Numerical Stability: Unbounded exponentials (CausalRN) can present overflow issues, mitigated by logsumexp rendering and normalization (Cui et al., 2024).
Scale and Convergence: For some code families (e.g., large LDPCs), complexity gains narrow as block size increases, and convergence may slow; non-convexity in iterative MLP LDPC decoding can cause local minima entrapment (Karami et al., 2014).

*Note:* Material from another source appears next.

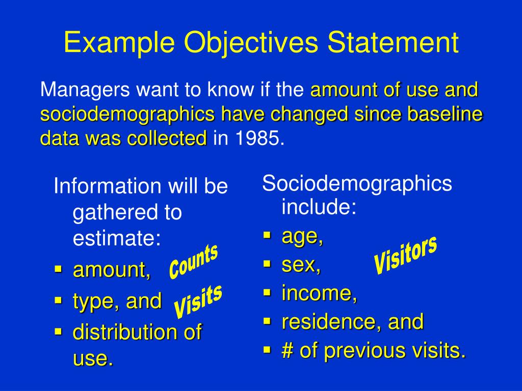 Example Objectives Statement Managers want to know if the amount of use and sociodemographics have changed since baseline data was collectedin 1985. Information will be gathered to estimate: • amount, • type, and • distribution of use. Sociodemographics include: • age, • sex, • income, • residence, and • # of previous visits. Visitors Counts Visits
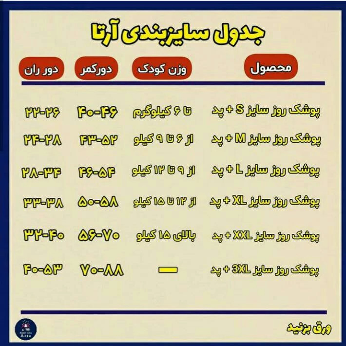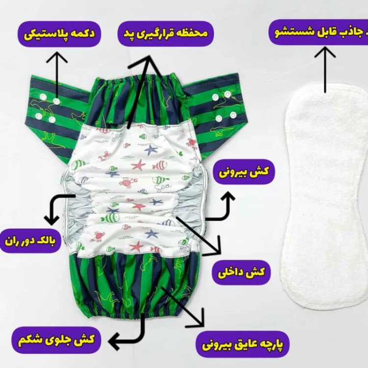 پوشک شب آرتا جایگزین کامل پوشکهای یکبار مصرف تشکیل شده از سه لایه ضدآب و مشما و پارچه نخی .✅ قابلیت نگهداری تایم زیاد از 6 ساعت تا ده ساعت بدون نمدهی.✅ دارای قابلیت سایزبندی کمر وفاق همراه یک پد چندلایه حوله ای🔻 ❗پوشک های یکبار مصرف دارای پودر جاذب هستن که بسیار سمی و مضرن، پس مامان عزیز با استفاده از محصولات ارگانیک آرتا پلاس سلامتی کودکت رو تضمین کن😍👌 توجه داشته باشید داخل هر پوشک یک عدد پد وجود دارد

7. Extensions and Domain Applications

All-MLP decoders have been expanded to multiple modalities:

Code decoding: Neural decoding for PAC, LDPC, and convolutional codes (Dai et al., 2024, Karami et al., 2014).
Language modeling and sequence modeling: Sparse and causal MLP stacks rival Transformers for perplexity and in-context tasks (Cui et al., 2024, Yu et al., 2022).
Vision: PRSeg’s patch rotate architecture enables lightweight MLP segmentation decoders with competitive or superior results vs. convolutional and transformer-based heads (Ma et al., 2023).
Mixture-of-experts: Token- and feature-wise routing dramatically increases model capacity and efficiency, unlocking scaling advantages for large models (Yu et al., 2022).

This breadth of successful domain applications, coupled with their computational efficiency and parallelism, establishes all-MLP decoders as a foundational family of architectures in modern deep learning.